Log level ERROR is set to erroneous conditions which mostly occur on the side of the PubFetcher user (like problems in provided input), so searching for “ERROR” in log files can potentially help in finding problems that can be fixed by the user. Some problems might be caused by issues in the used resources, like Europe PMC and PubMed, and some reported problems are not problems at all, like failing to find a publication part which is actually supposed to be missing, but these messages will usually have the log level WARN. One example of WARN level messages that can indicate inconsistencies in used resource are the messages beginning with “Old ID”.

Some examples of issues found by analysing logs:

If multiple threads are writing to a log file, then the messages of different threads will be interwoven.
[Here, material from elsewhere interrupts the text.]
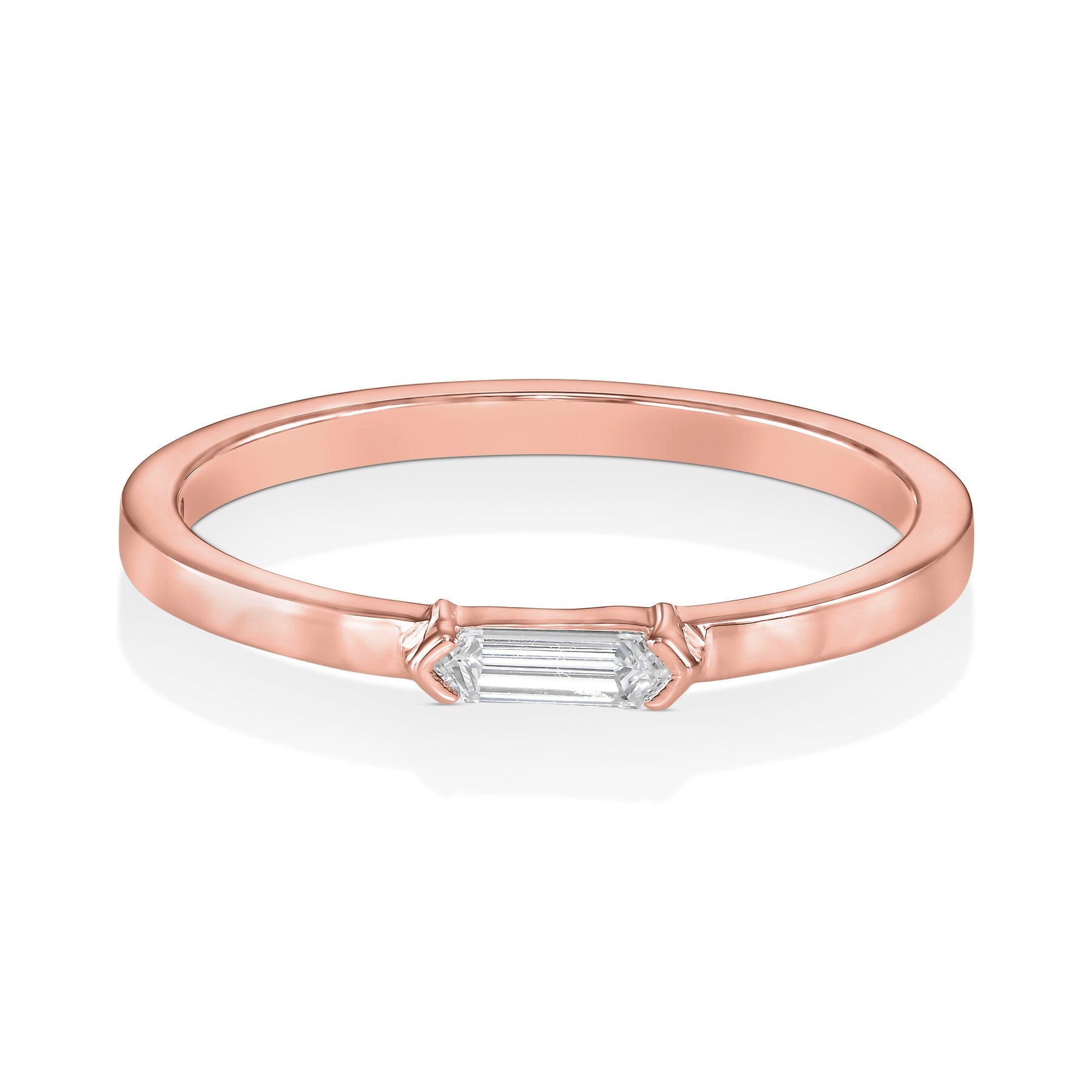 18k Rose Gold Ring With 0.16 Carat Elongated Hexagon Shape Natural Diamond

To get the sequence of messages of only one thread, grep could be used:

$ grep Thread-2 database.log

In addition to analysing logs, the output of -part-table (described in Output) could be checked for possible problems. For example, title being “na” is a good indicator of an invalid ID. To list all such publications the filter -part-type na -part-type-part title could be used. Other things of interest might be for example parts which are from other sources than the main ones (the europepmc, pubmed, pmc types and doi) or parts missing in Europe PMC, but present in PubMed or PMC.